Above photo: Matt Dunham.
A less dramatic day, but marked by a brazen and persistent display of this US Government’s insistence that it has the right to prosecute any journalist and publication, anywhere in the world, for publication of US classified information. This explicitly underlay the entire line of questioning in the afternoon session.
The morning opened with Professor John Sloboda of Iraq Body Count. He is a Professor of Psychology and musicologist who founded Iraq Body Count together with Damit Hardagan, and was speaking to a joint statement by both of them.
Professor Sloboda stated that Iraq Body Count attempted to build a database of civilian deaths in Iraq based on compilation of credible published material. Their work had been recognised by the UN, EU and the Chilcot Inquiry. He stated that protection of the civilian population was the duty of parties at war or in occupation, and targeting of civilians was a war crime.

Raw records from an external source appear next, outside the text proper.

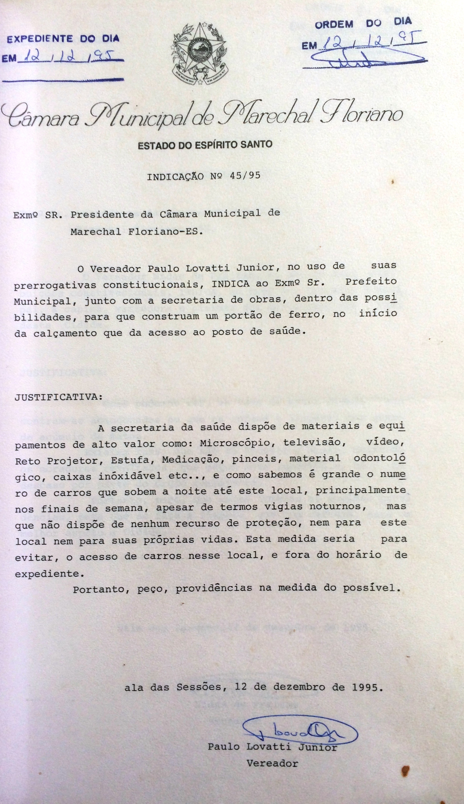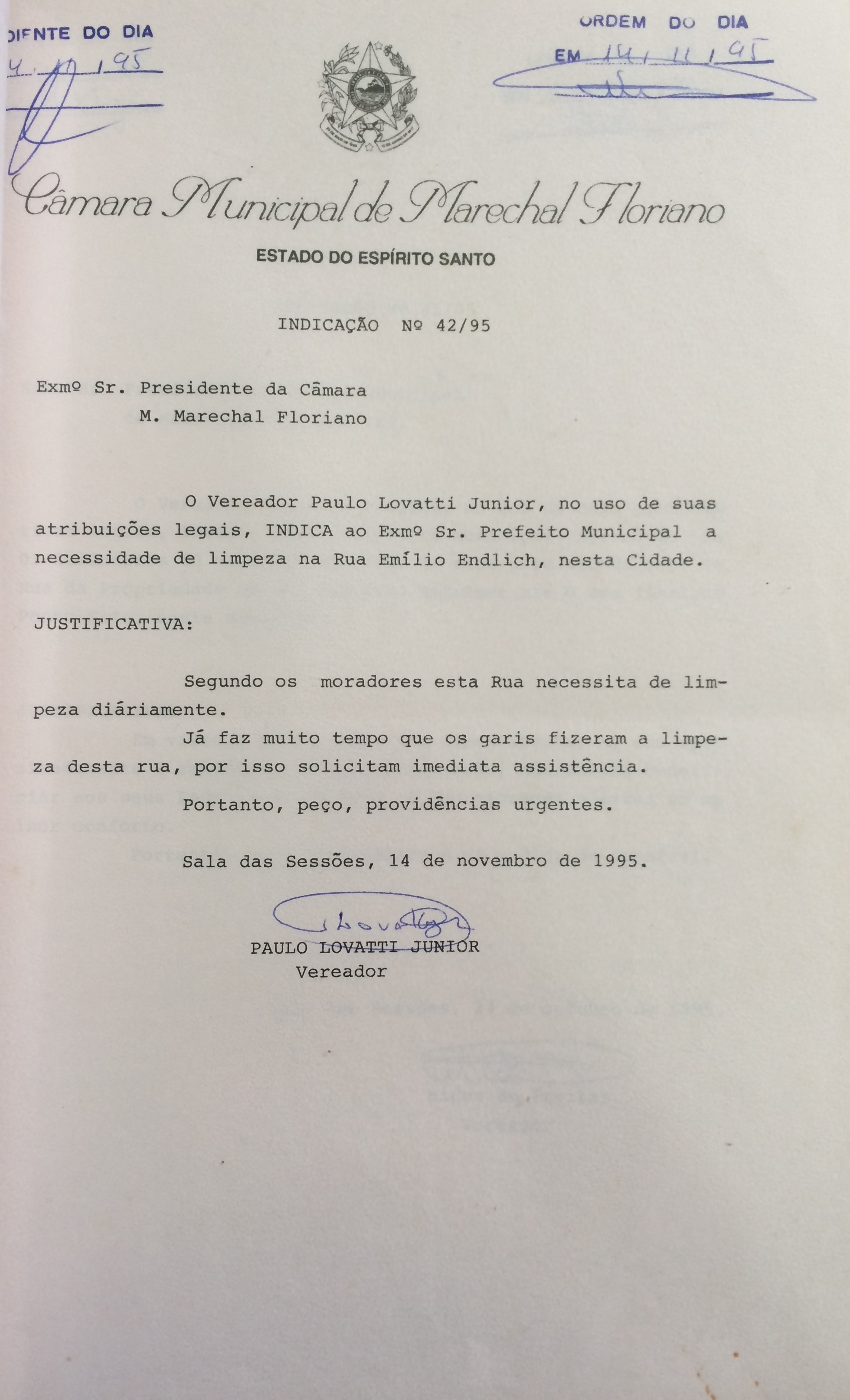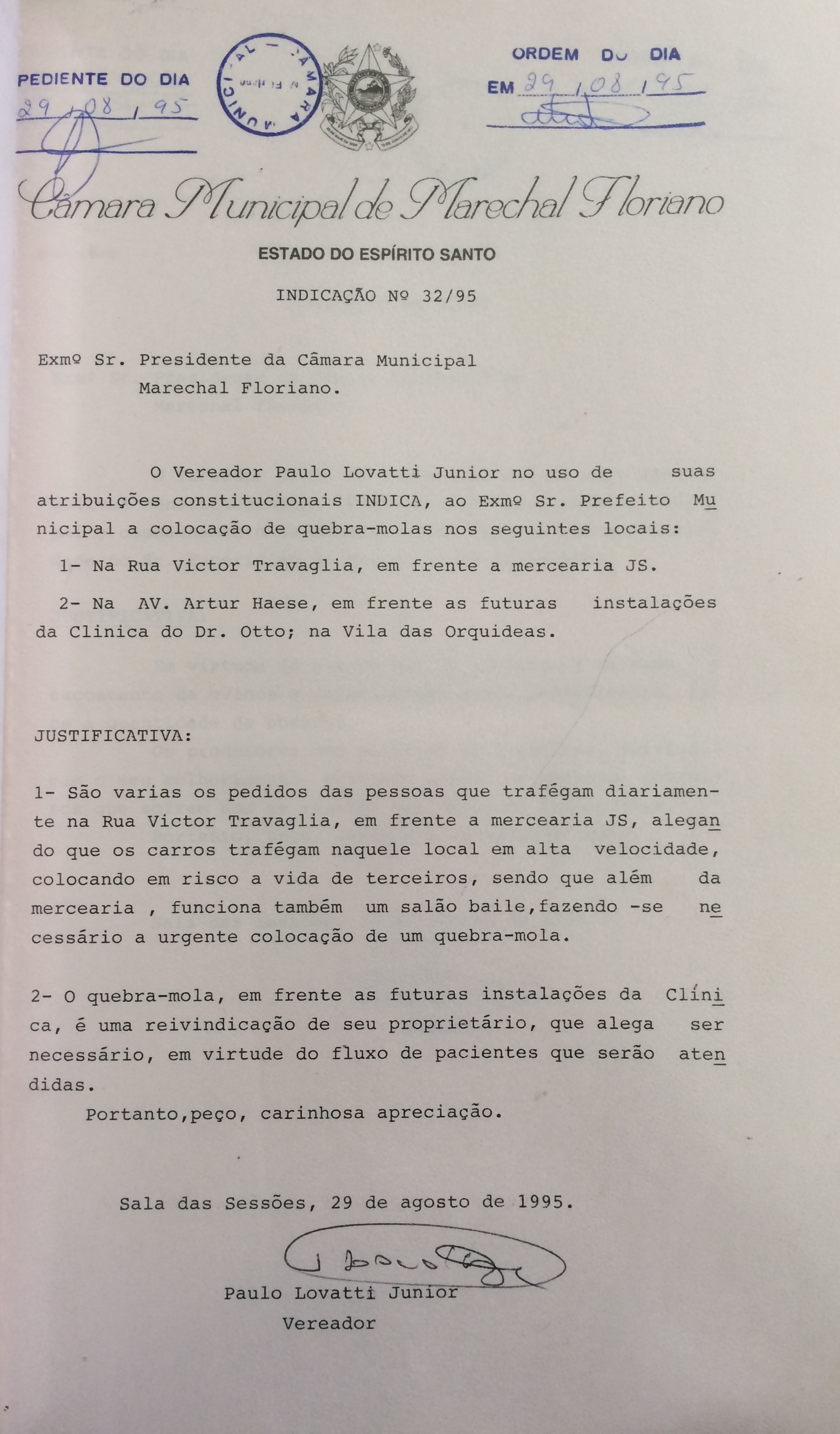 Ementa: PARECER REFERENTE À "ENTRA EM PAUTA NESTA DATA, O PROJETO DE LEI Nº 14/95, DE AUTORIA DO VEREADOR NIDES DE FREITAS, ORIGINALMENTE SUBSCRITO EM DATA DE 10 DE MARÇO DE 1995, QUE "DÁ NOME DE RUA JOÃO MERISIO A RUA PROJETADA, NO CENTRO DA CIDADE DE MARECHAL FLORIANO-ES""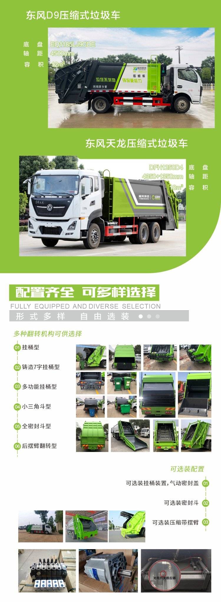 东风途逸后装式压缩垃圾车 废渣清运车 带自卸功能 装载量大
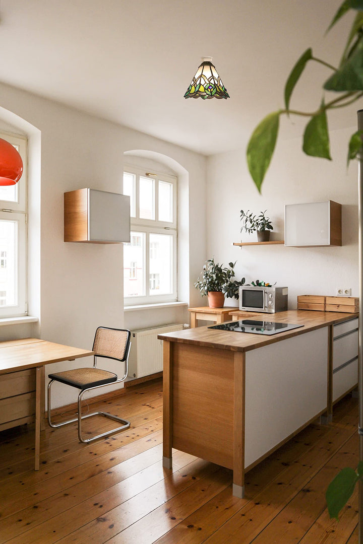 - コロンとした丸いフォルムがキュートな1灯シーリング。カラフルなガラスが特徴です。

Wikileaks’ publication of the Iraqi War Logs had been the biggest single accession of material to the Iraq Body Count and added 15,000 more civilian deaths, plus provided extra detail on many deaths which were already recorded. The logs or Significant Activity Reports were daily patrol records, which recorded not only actions and consequent deaths the patrols were involved in, but also deaths which they came across.
After the publication of the Afghan war Logs, Iraq Body Count (IBC) had approached Wikileaks to be involved in the publication of the Iraq equivalent material. They thought they had accumulated a particular expertise which would be helpful. Julian Assange had been enthusiastic and had invited them to join the media consortium involved in handling the material.
There were 400,000 documents in the Iraq war logs. Assange had made very plain that great weight must be placed on document security and with careful redaction to prevent, in particular, names from being revealed which could identify individuals who might come to harm. It was however impossible to redact that volume of documents by hand. So Wikileaks had sought help in developing software that would help. IBC’s Hamit Dardagan had devised the software which solved the problem.
Essentially, this stripped the documents of any word not in the English dictionary. Thus arabic names were removed, for example. In addition other potential identifiers such as occupations were removed. A few things like key acronyms were added to the dictionary. The software was developed and tested on sample batches of telegrams until it worked well. Julian Assange was determined redaction should be effective and resisted pressure from media partners to speed up the process. Assange always meticulously insisted on redaction. On balance, they over-redacted for caution. Sloboda could only speak on the Iraq War Logs, but these were published by Wikileaks in a highly redacted form which was wholly appropriate.
Joel Smith then stood up to cross-examine for the US Government. I am sure Mr Smith is a lovely man. But sadly his looks are against him. You would certainly not enter an alleyway if he were anywhere nearby. The first time I saw him I presumed he was heading for the dock in court 11.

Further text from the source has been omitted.